━━ Supplied information ━━

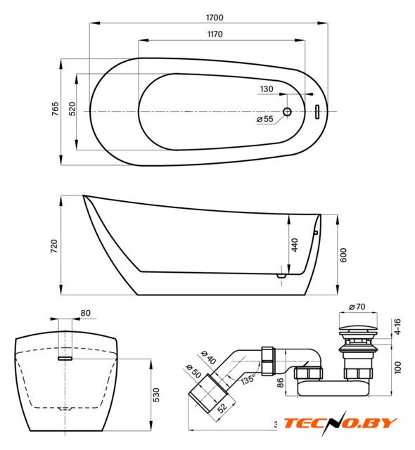овальная, литьевой акрил, отдельностоящая, объем: 280 л
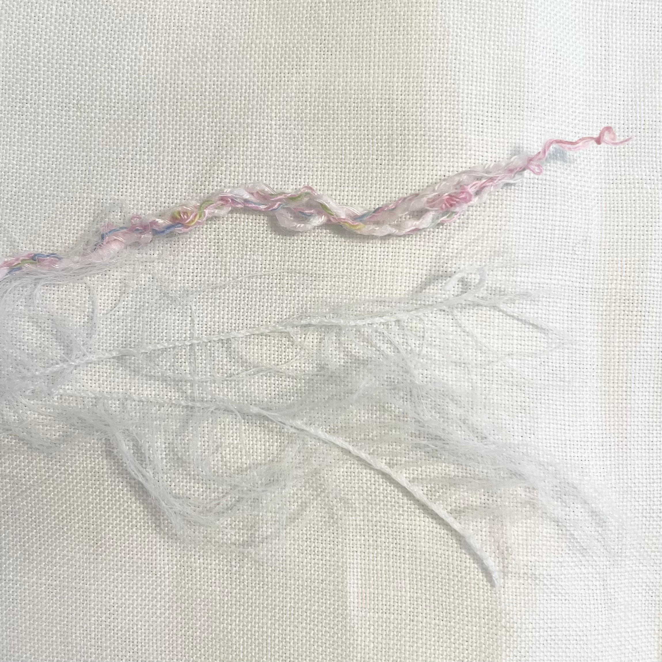 ①ピンクベースのカラフルなコットンヤーン②ホワイトの2本取りファーヤーンの計3本を引き揃えてます♪
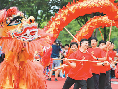 6月13日、浙江省湖州市長興県虹星橋鎮(zhèn)白水村の村民たちが無形民俗文化財の竜舞?獅子舞のパフォーマンスを披露。(撮影?人民視覚 譚雲(yún)俸)
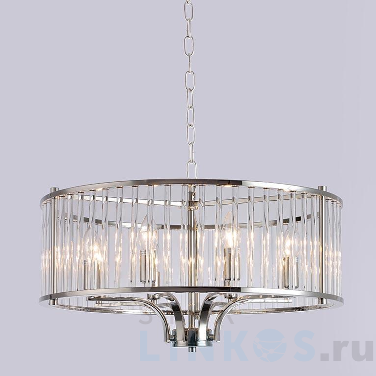Поставщик рекомендует использовать лампы накаливания с цоколем E14 для освещения площади 17,8 м2. Подвесная люстра Newport 12308/S М0062013 в используется в интерьере гостиной с установкой на потолок.
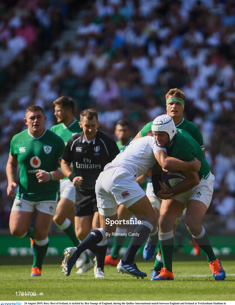 24 August 2019; Rory Best of Ireland, is tackled by Ben Youngs of England, during the Quilter International match between England and Ireland at Twickenham Stadium in London, England. Photo by Ramsey Cardy/Sportsfile
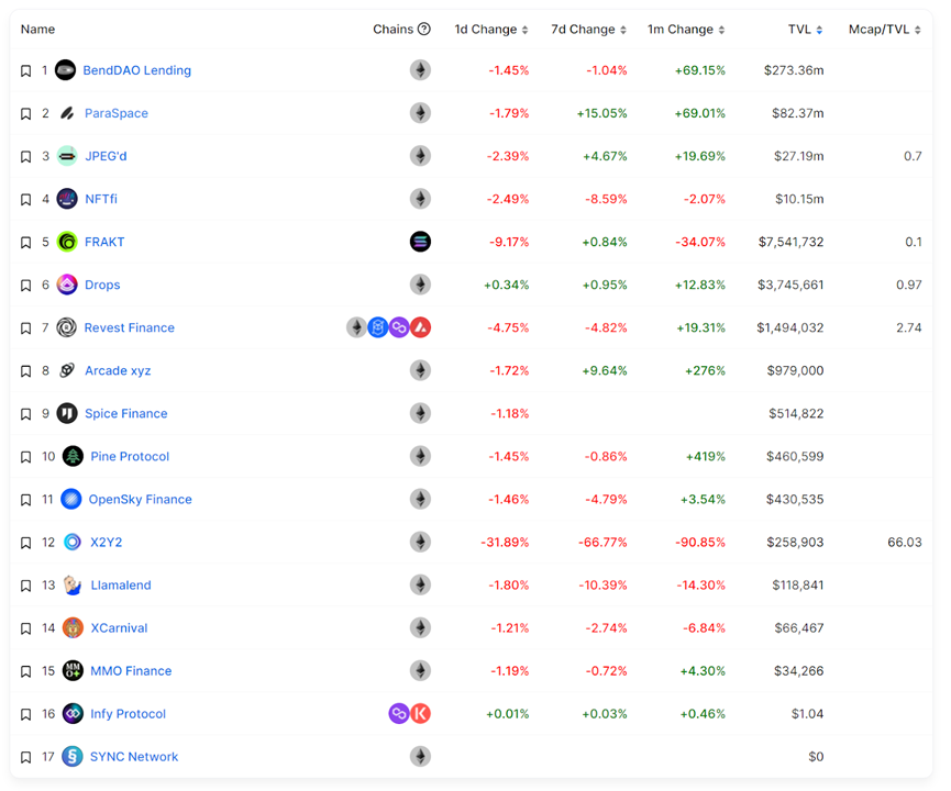 (ParaSpace 的 TVL 跃居 NFT 借贷榜单第二名,defillama)
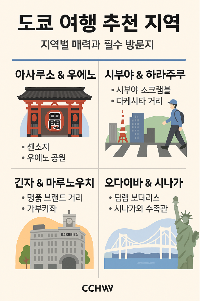 지역마다 뚜렷한 개성을 가진 도쿄! 이 글을 참고하여 나에게 꼭 맞는 지역을 선택하고, 멋진 여행을 계획해보세요.
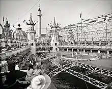 Thompson and Dundy planned to add new rides including a flower garden, a German village, and a Trip to the Moon attraction.[20] The lagoon and the Shoot the Chute attraction were the only parts of Sea Lion Park to be retained.[9][10][20] Early plans called for Luna Park to include a tower with 38,000 lights.[13] The park's original rides and attractions also included an infant incubator, a Shoot the Chute ride, a three-ring circus, and a Fire and Flames show that employed over a thousand performers.[25] Luna Park unofficially opened on April 5, 1903, with a live show.[26][27] The same month, Leo Wyent and George M. Foley sued to prevent Thompson and Dundy from issuing a concession allowing a third party to sell cigars and alcoholic beverages at the park.[28] Thompson and Dundy planned to sell alcoholic beverages at one location in the park, the German Village.[26]
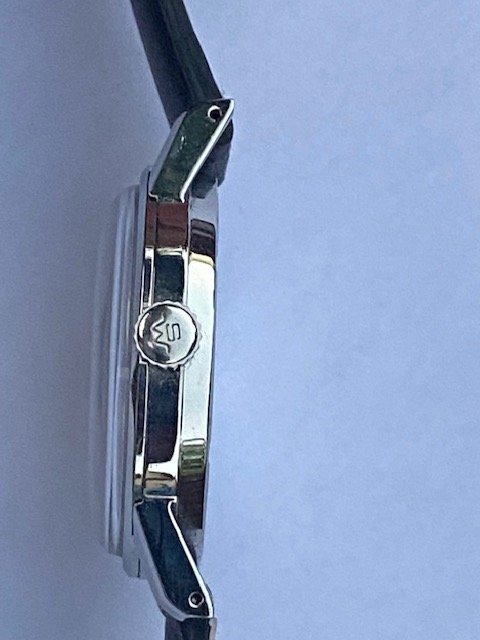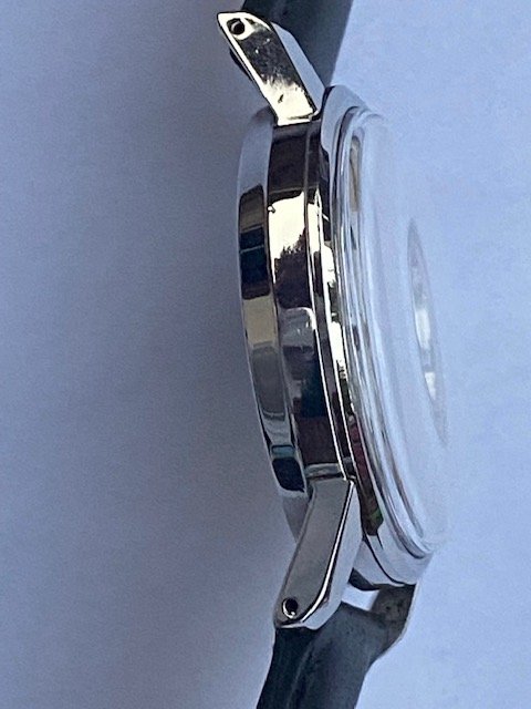 The watch has a nice sunburst dial which might not be visible in the picture. However, it has a tiny stain near the 12 O’clock marker.
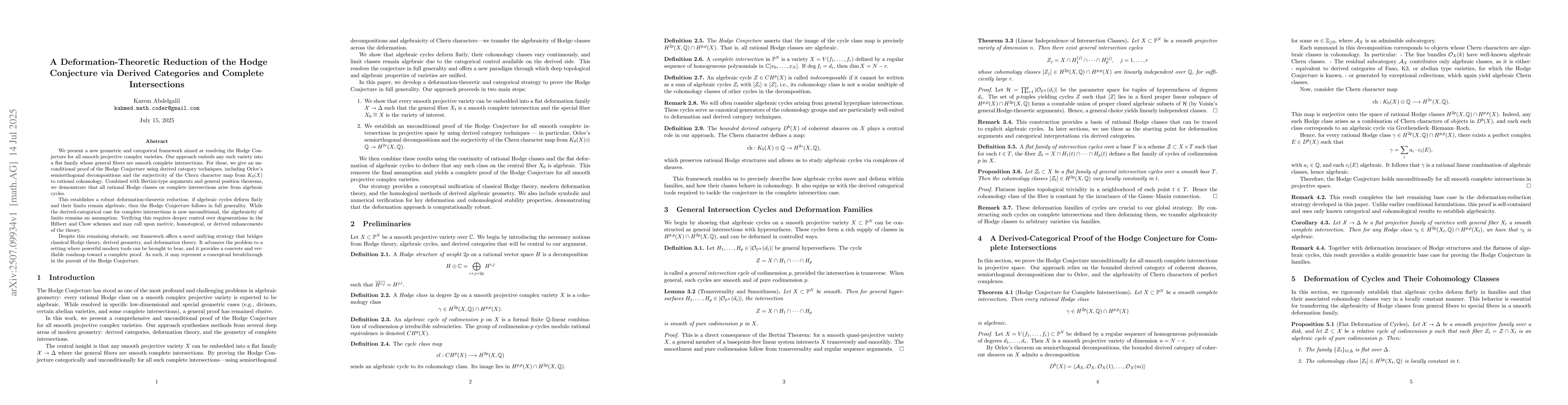We propose a geometric and categorical approach to the Hodge Conjecture for all smooth projective complex varieties. By embedding any such variety into a flat family with general fibers smooth complete intersections, we prove the conjecture unconditionally in the complete intersection case using derived category methods. Through deformation arguments, we reduce the general case to the algebraicity of limits. While this remains an assumption, our framework unifies Hodge theory, deformation, and derived techniques, offering a concrete path toward resolving the conjecture.

━━━

Goal of the exercise —
The listing above is to be written out again exactly, with its pictures omitted.

Expected answer —
овальная, литьевой акрил, отдельностоящая, объем: 280 л
 ①ピンクベースのカラフルなコットンヤーン②ホワイトの2本取りファーヤーンの計3本を引き揃えてます♪
 6月13日、浙江省湖州市長興県虹星橋鎮(zhèn)白水村の村民たちが無形民俗文化財の竜舞?獅子舞のパフォーマンスを披露。(撮影?人民視覚 譚雲(yún)俸)
Поставщик рекомендует использовать лампы накаливания с цоколем E14 для освещения площади 17,8 м2. Подвесная люстра Newport 12308/S М0062013 в используется в интерьере гостиной с установкой на потолок.
 24 August 2019; Rory Best of Ireland, is tackled by Ben Youngs of England, during the Quilter International match between England and Ireland at Twickenham Stadium in London, England. Photo by Ramsey Cardy/Sportsfile
 (ParaSpace 的 TVL 跃居 NFT 借贷榜单第二名,defillama)
 지역마다 뚜렷한 개성을 가진 도쿄! 이 글을 참고하여 나에게 꼭 맞는 지역을 선택하고, 멋진 여행을 계획해보세요.
 Thompson and Dundy planned to add new rides including a flower garden, a German village, and a Trip to the Moon attraction.[20] The lagoon and the Shoot the Chute attraction were the only parts of Sea Lion Park to be retained.[9][10][20] Early plans called for Luna Park to include a tower with 38,000 lights.[13] The park's original rides and attractions also included an infant incubator, a Shoot the Chute ride, a three-ring circus, and a Fire and Flames show that employed over a thousand performers.[25] Luna Park unofficially opened on April 5, 1903, with a live show.[26][27] The same month, Leo Wyent and George M. Foley sued to prevent Thompson and Dundy from issuing a concession allowing a third party to sell cigars and alcoholic beverages at the park.[28] Thompson and Dundy planned to sell alcoholic beverages at one location in the park, the German Village.[26]
 The watch has a nice sunburst dial which might not be visible in the picture. However, it has a tiny stain near the 12 O’clock marker.
We propose a geometric and categorical approach to the Hodge Conjecture for all smooth projective complex varieties. By embedding any such variety into a flat family with general fibers smooth complete intersections, we prove the conjecture unconditionally in the complete intersection case using derived category methods. Through deformation arguments, we reduce the general case to the algebraicity of limits. While this remains an assumption, our framework unifies Hodge theory, deformation, and derived techniques, offering a concrete path toward resolving the conjecture.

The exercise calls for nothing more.